Iterative Pruning

Iterative Pruning is a technique used in machine learning to reduce the size and complexity of neural networks. It works by starting with a fully-trained model and then successively removing parts of the network that are not contributing to the accuracy of the final output. This process can reduce the amount of compute resources needed for inference, and result in better performance on unseen data. Additionally, iterative pruning encourages exploration and discovery of more efficient neural architectures by forcing researchers to identify what elements are necessary for a high-performing model. Ultimately, this technique leads to models that are faster and more accurate than those trained without pruning.
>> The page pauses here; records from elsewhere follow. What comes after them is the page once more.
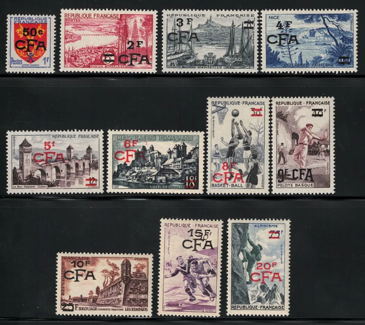 1955-56 REUNION, Aufgedruckte Ansichten # 320/30, MNH ** Yvert Katalog Euro 47 Album Rosso Bolaffi Lot Französische Kolonien
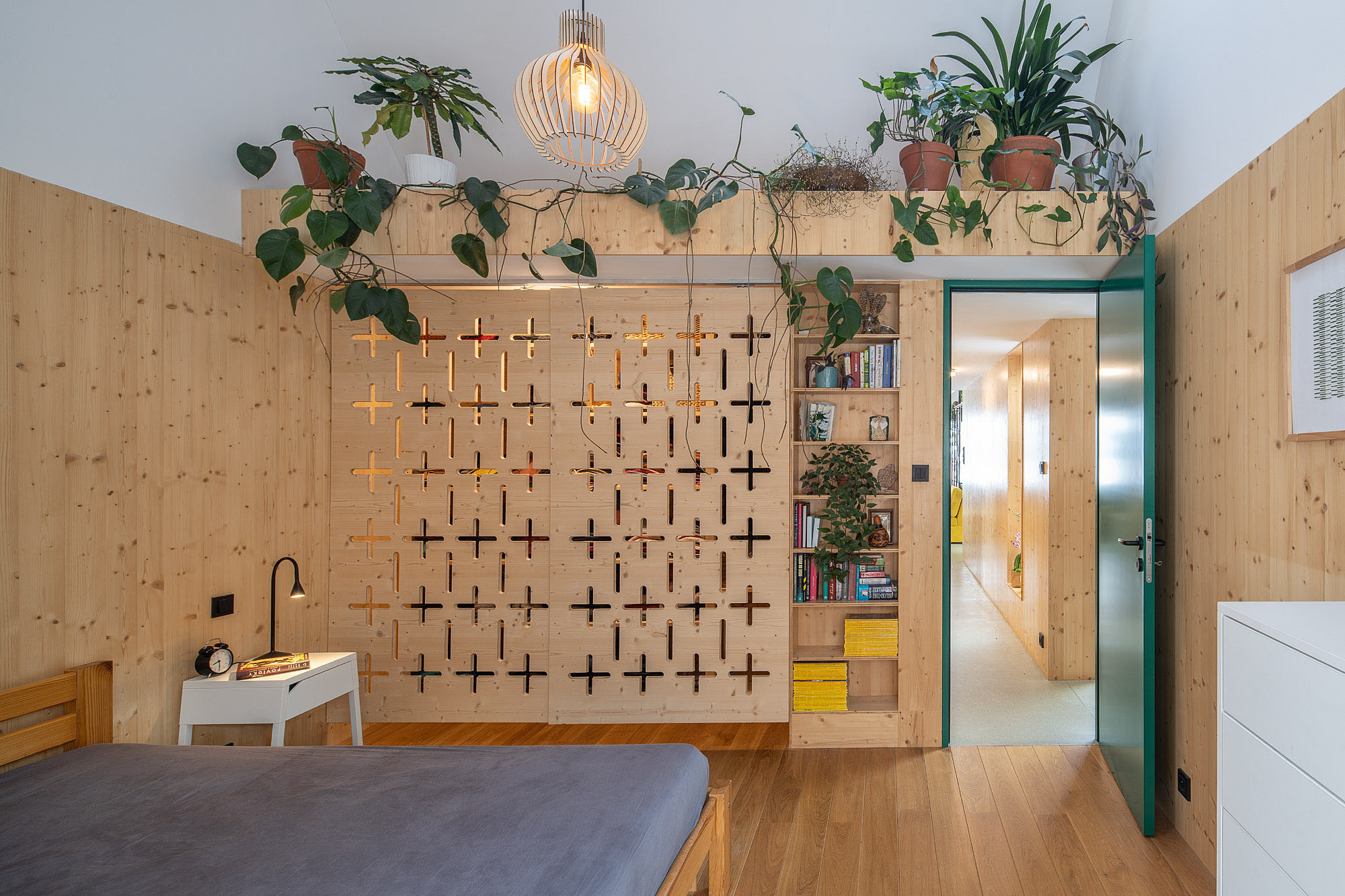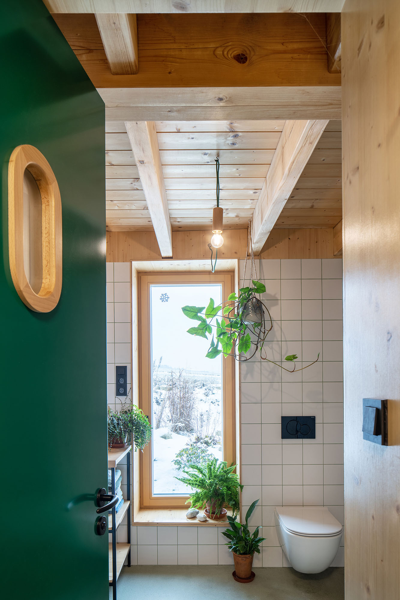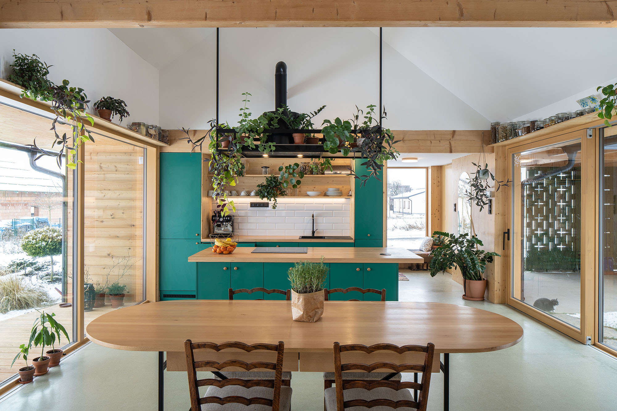 Dom skierowany jest otwartą częścią dzienną ku światłu dziennemu. Charakterystyczny „szklarniowy” wlot ganku prowadzi do przestrzeni salonowej, kuchni i jadalni wzbogaconych dużymi przeszkleniami. Przesuwne drzwi łączą wnętrze z ogrodem, zapewniając płynne przejście między strefami – od prywatnej strefy nocnej, przez część dzienną, aż po przestrzeń relaksu i wyciszenia.
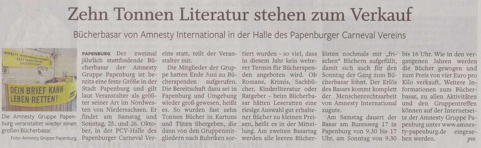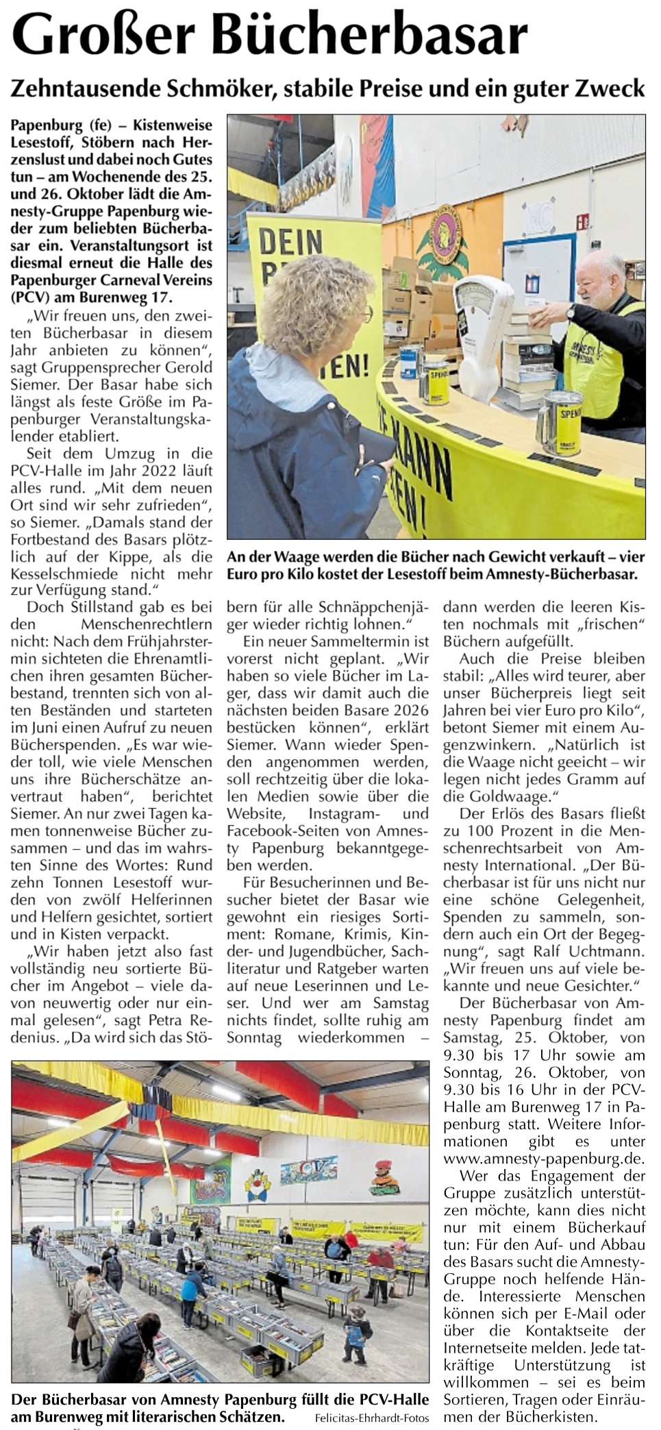 23.04.2025: Bücherbasar von Amnesty Papenburg: Ems Zeitung
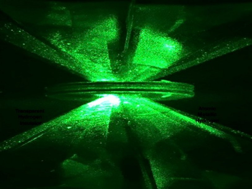 В новом исследовании Айзек Сильвера и Ранга Диас, как они сообщают, добились давления 495 ГПа в алмазных наковальнях. В этот момент им удалось зафиксировать при помощи инфракрасного лазера резкое возрастание отражательной способности образца, то есть он стал блестящим подобно металлу.
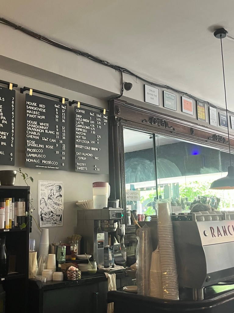 I started by browsing the shelves and immediately noticed they have a great selection. There weren’t a million books, yet somehow I saw sooo many from my TBR list. After choosing somthing fun (it was a Summer Friday, after all) I went back to the bar to sit with my book and an iced latte. I also have to say it was great perusing bookshelves with coffee in hand. It was a real main character moment. After my latte, I couldn’t decide if I wanted more caffeine or if it was time to switch to something harder (like I said, Summer Friday). Why choose? I got a boozy iced coffee and it was wonderful.

Iterative pruning is an invaluable tool for machine learning practitioners seeking to create powerful neural networks with limited computing resources.

As language models scale in size, cost, and energy and become harder to setup and use, they also become out of reach of AI groups looking to train and deploy them. With the Cerebras CS-2 enabling unstructured sparse research and language model training at scale, we have taken our first steps towards exploring sparse models and the impact they could have on industry applications. We successfully trained unstructured sparse 1.3 billion parameter GPT-3 models on Cerebras CS-2 systems and demonstrated how these models achieve competitive results at a fraction of the inference FLOPs, with our 83.8% sparse model achieving a 3x reduction in FLOPs at matching performance on the Pile, setting the stage for future work in sparse training, pruning, and inference.